Module 9: Interactive Fiction/Twine Workshop
9.2 Module Overview
Welcome to module 9 of Digital Methods for Disability Studies and the second module on critical game design. This module delves into the world of interactive fiction; you will be playing and experimenting with choose-your-own-adventure stories and will learn how to use the free program Twine (https://twinery.org) to create your own interactive narratives. This part of the Pressbook turns to engaging with critical game design and the construction of meaningful games, as well as its intersection with accessibility. Before moving on, play two of the games listed in “assigned readings for this week” in order to have a frame of reference for the kinds of games and themes this module engages with.
Interactive stories bring the reader into the scene and make them an active participant in the process of constructing a narrative. Interactive stories can be immersive and engaging. They allow players to make choices that can affect the outcome or ending of a story, giving those choices emotional consequences. They also allow game designers the freedom to experiment with branching narratives that have different endings, or to share additional backstory, lore, or other information.
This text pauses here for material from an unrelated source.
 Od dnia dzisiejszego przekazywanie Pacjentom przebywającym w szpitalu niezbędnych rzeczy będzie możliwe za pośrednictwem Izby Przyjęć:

However, as we will learn, interactive stories also offer designers the exciting opportunity to subvert this power of choice in creative ways which can make their narrative’s message even more powerful. Use the module activities to experiment with structure and shape, and be as creative as you’d like.
This module builds upon ideas of critical play to think about how we can bring illness, disability, access, care, and health into our games in powerful, critical, and constructive ways. You will be invited to share your own experiences through game design and to reflect on the potential of immersive/interactive narratives to communicate and share emotions with the player.
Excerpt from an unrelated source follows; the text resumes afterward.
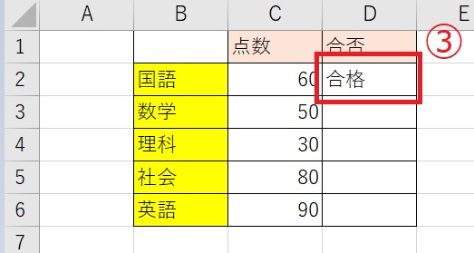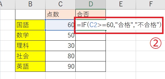 ③C2に入力されている国語の点数は60点の為、「合格」と表示されました。

Some questions to guide this lesson:
- How do game designers create access in their work?
- How do mad, sick, mentally ill, and disabled creators use games to challenge ableism, to educate, advocate, and/or to demonstrate care for the player?
- In what ways are games accessible/inaccessible?
- What participation barriers (physical, attitudinal, social, cultural, emotional) exist on game platforms and gaming communities more broadly?
- What comes to mind when you think about accessibility in games and accessible forms of play? What do accessible games/game design look like to you?
- What digital skills are needed to play and make these games? How are those skills acquired?